**What this task involves:** For the material below, set down exactly the lines between the one containing "صفحه اصلی /" and the last line, both included, leaving every picture out.

**Data excerpt:**

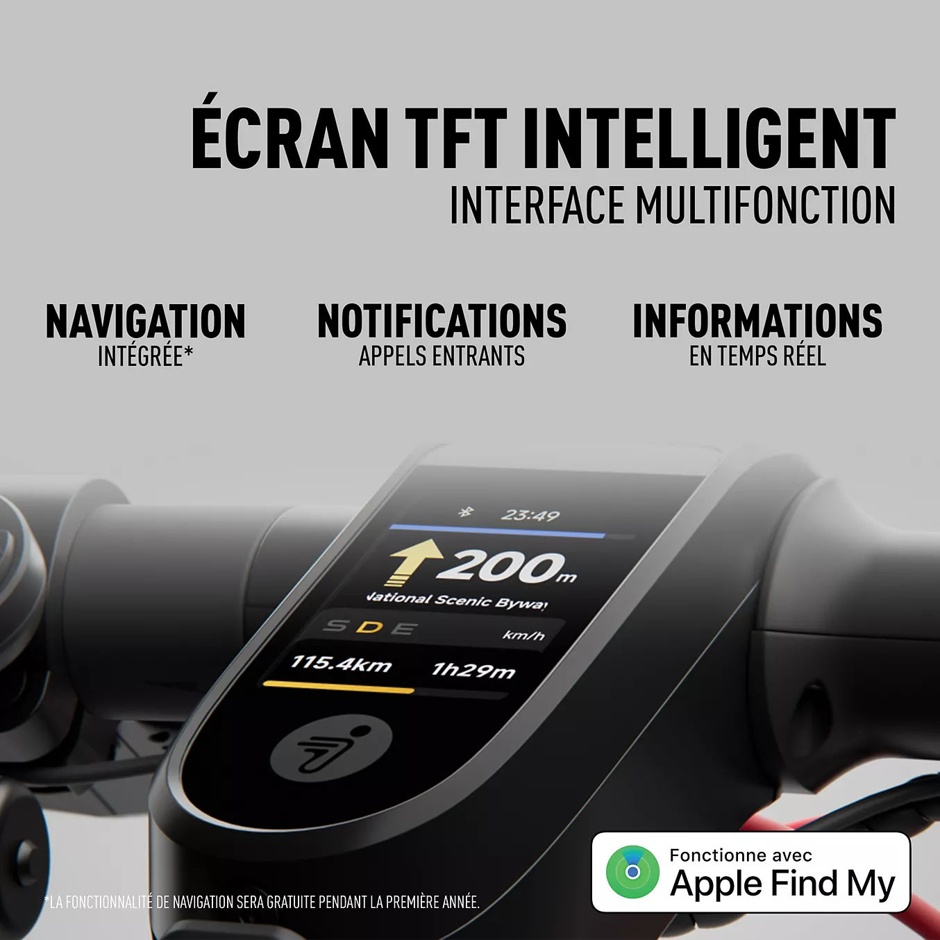 Équipée d’un écran TFT intelligent, la Ninebot F3 E offre des informations en temps réel et une fonction de navigation pratique. Le système AirLock permet un déverrouillage Bluetooth basé sur la proximité, tandis que l’intégration avec Apple Find My facilite la localisation de votre trottinette. Avec ses trois modes de conduite et une fonction Marche, elle s’adapte à tous vos besoins. La batterie de 477 Wh se recharge en 8 heures, et l’indice d’étanchéité IPX6 assure une protection contre les projections d’eau. Enfin, son design pliable permet un rangement aisé, faisant de la F3 E un choix idéal pour les déplacements quotidiens.
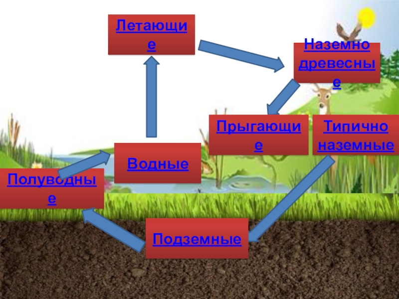 ТипичноназемныеНаземно древесныеПодземныеВодныеПолуводныеЛетающиеПрыгающие
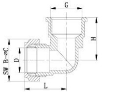 صفحه اصلی / تولید - محصول / سری اتصالات / اتصالات لوله برنجی زانویی 90 درجه AMT-1503
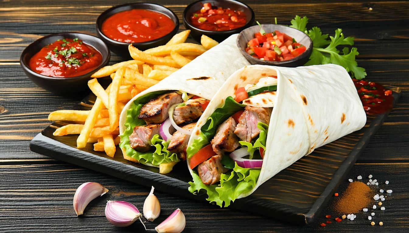 Mięso wołowo-baranie, cebula marynowana, sałata lodowa, sos ogórkowy, sos serowy cheddar, tortilla pszenna + 250g frytek

**Solution to this problem:**
 صفحه اصلی / تولید - محصول / سری اتصالات / اتصالات لوله برنجی زانویی 90 درجه AMT-1503
 Mięso wołowo-baranie, cebula marynowana, sałata lodowa, sos ogórkowy, sos serowy cheddar, tortilla pszenna + 250g frytek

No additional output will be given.